Psikologi positif yang ditemukan dan dikembangkan oleh Martin Seligman dan Mihaly Csikszent, sangat menarik untuk dibahas terutama yang berhubungan dengan kesehatan jiwa. Di dalam psikologi positif, mempelajari konsep memaafkan yang sangat menarik untuk dikaji terkait dengan perasaan emosi negatif seperti marah, kecewa, sakit hati, trauma, kebencian, dan rasa dendam, yang mana itu tidak baik bagi kesehatan fisik maupun mental seseorang.
Pendapat McCullough, Sandage, Everett, Worthington, Rachal, Brown, dan Hight (1998) bahwa sikap-memaafkan adalah dorongan untuk mengubah seseorang menghindari kebutuhan membalas perbuatan yang telah merugikannya dan mengekang keinginan berdamai dengan seseorang yang melukai. pernyataan tersebut, dapat disimpulkan bahwa memaafkan itu berarti tidak denial terhadap sakit hati yang dirasakan, akan tetapi bersedia untuk tidak menyimpan kemarahan, kebencian, rasa trauma, rasa dendam akibat peristiwa, tindakan, situasi yang dialami dari orang yang telah menyakiti.
Memaafkan juga sering dikaitkan dengan keikhlasan, karena ketika mulut kita mengucapkan telah memaafkan, belum tentu hati kita Ikhlas.
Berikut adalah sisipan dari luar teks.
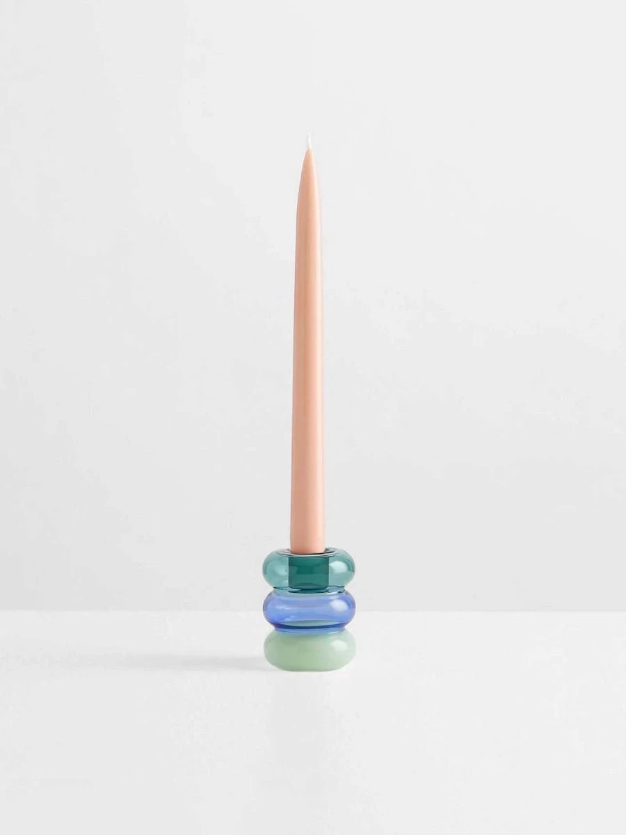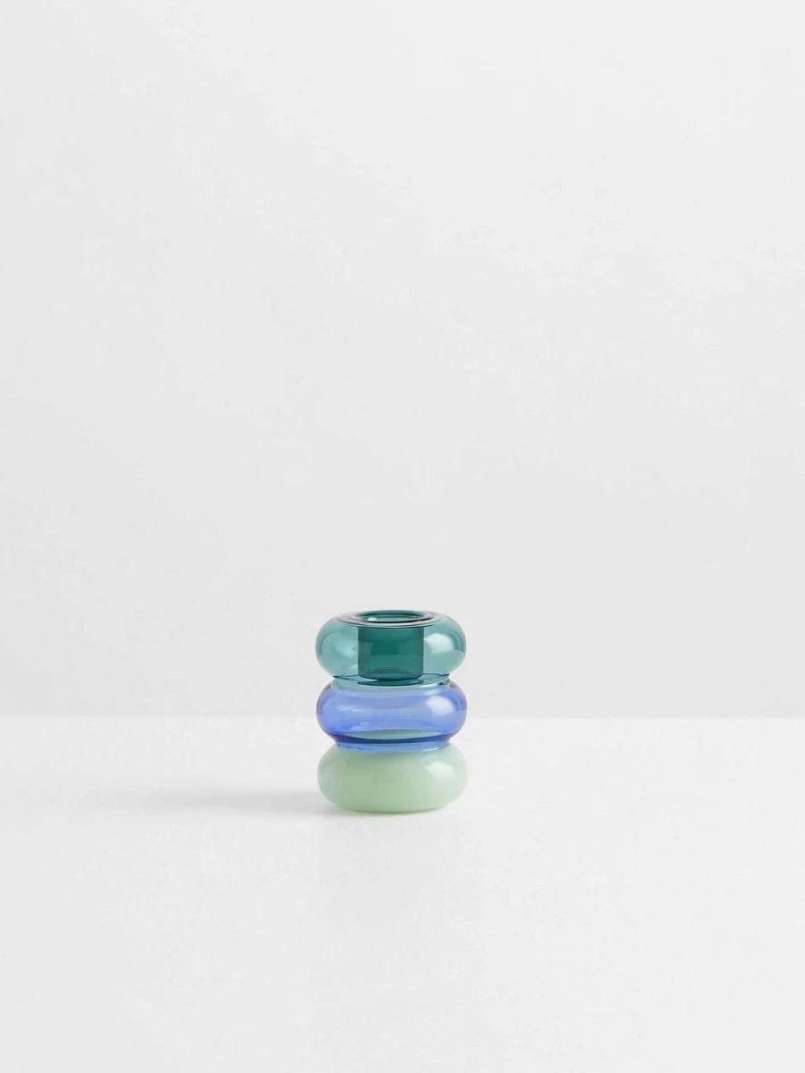 Petite Pauline is a playful stack of teal, azure and mint glass bubbles. All it needs it a candle to complete its airy silhouette! This candle holder doubles as a lucky charm, so we recommend making a wish before you light the candle that will sit on top!

Dalam Kamus Besar Bahasa Indonesia (KBBI), “Ikhlas” berarti hati yang murni atau hati yang tulus. Proses memaafkan memang membutuhkan waktu, terlebih lagi jika kesalahannya fatal, ketika memaafkan, kita tidak perlu menahan apa yang kita rasakan demi ketenangan hati, kemudian senantias percaya bahwa Allah maha adil dan tidak pernah tidur, apapun yang kita atau orang lain perbuat pasti ada balasannya. Tidak masalah jika kita membatasi jarak dengan orang yang telah menyakiti kita, tetapi kita juga harus mengingat kebaikan yang telah diberikan orang tersebut kepada kita. Dengan begitu, lambat laun kita pasti bisa memaafkan dengan Ikhlas.
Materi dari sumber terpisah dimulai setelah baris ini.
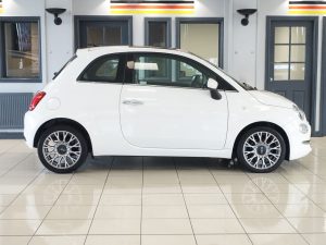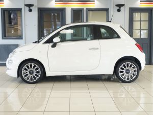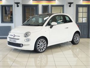 TOP SPECIFICATION CLUB LOUNGE FIAT 500 IN LOVELY CONDITION THROUGHOUT – COMES WITH A FULL SERVICE HISTORY + PANORAMIC GLASS SUNROOF + SATELLITE NAVIGATION + APPLE CARPLAY / ANDROID AUTO + APPS CONTROL + BLUETOOTH CONNECTIVITY + DAB DIGITAL RADIO + CRUISE CONTROL + PARKING SENSORS + IN CAR ENTERTAINMENTM WITH TOUCH SCREEN MEDIA DISPLAY + LED DAY TIME RUNNING LIGHTS + ECO STOP START SYSTEM + HILL HOLD START ASSIST + LEATHER MULTI FUNCTIONAL STEERING WHEEL + VOICE COMMAND + AIR CONDITIONING + ELECT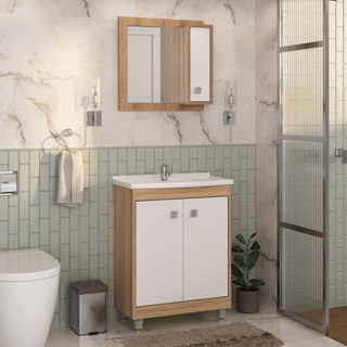 Gabinete Banheiro com Cuba e Espelheira 60cm Multimóveis CR10058 Castanho Argel/Branco em Oferta na Shopee Shopee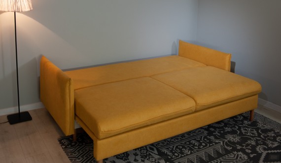 Бруно - это диван в скандинавском стиле с эргономичным дизайном. Легкость конструкции обеспечивают деревянные ножки из цельного дерева, а экономия пространства достигается за счет узких подлокотников. Велюровая обивка в современных тонах с декоративным кантом по периметру дивана и на подушках добавляет изысканности. Механизм "пантограф" позволяет легко трансформировать диван в удобное спальное место. Независимый пружинный блок в основании дивана гарантирует качественный отдых. Вместительный ящик для белья под сиденьем предоставляет удобное решение для хранения постельных принадлежностей.

Memaafkan merupakan salah satu cara memperoleh ketenangan hidup, seperti yang terdapat pada QS. Al-A’raf ayat 199 yang artinya : “Jadilah pemaaf dan suruhlah orang mengerjakan yang makruf, serta jangan pedulikan orang-orang yang bodoh.”
Terbukti bahwa sebagai umat islam kita diperintahkan untuk saling memaafkan, memaafkan itu penting dan berpengaruh positif bagi kehidupan kita sehari hari.
Definisi hidup yang tenang itu berbeda pada setiap orang, akan tetapi setiap orang pasti menginginkan hidupnya merasa tenang dan terhindar dari berbagai macam masalah. Dengan memaafkan, kita dapat terhindar dari konflik sosial. Karena bagaimanapun manusia itu makhluk sosial dan pasti membutuhkan satu sama lain. Maka dari itu, memaafkan dapat membuat hidup kita terasa tenang.
Memaafkan itu memang bukan proses yang mudah dilakukan oleh setiap orang, untuk itu kita bisa memulainya dari dalam diri kita sebelum memaafkan orang lain. Kita bisa memulainya dengan mendekatkan diri kepada tuhan, introspeksi diri, menrima masukan-masukan dari orang-orang di sekitar, mulai memperbaiki kesalahan, kemudian menjadikan kejadian yang kita alami sebagai bahan evaluasi kedepannya, dan berpasrah diri kepada tuhan. Setelah kita berhasil menata diri kita dengan baik, kemudian baru kita mulai memaafkan kesalahan orang lain demi mencapai ketenangan hidup.
Penulis : Nopi Sri Melati Putri
Referensi
- Alentina, C. (Desember, 2016). MEMAAFKAN (FORGIVENESS) DALAM KONFLIK HUBUNGAN PERSAHABATAN. Jurnal Ilmiah Psikologi, Vol 9, No 2.
- Ulin Nihayah, d. (2021). Konsep Memaafkan dalam Psikologi Positif. Indonesian Journal of Counseling and Development, Vol 3, No 2.
- Yogi Kusprayogi, F. N. (November, 2016). Kerendahhatian dan Pemaafan pada Mahasiswa. PSIKOHUMANIORA: Jurnal Penelitian Psikologi, Vol 1, No 1 22-29.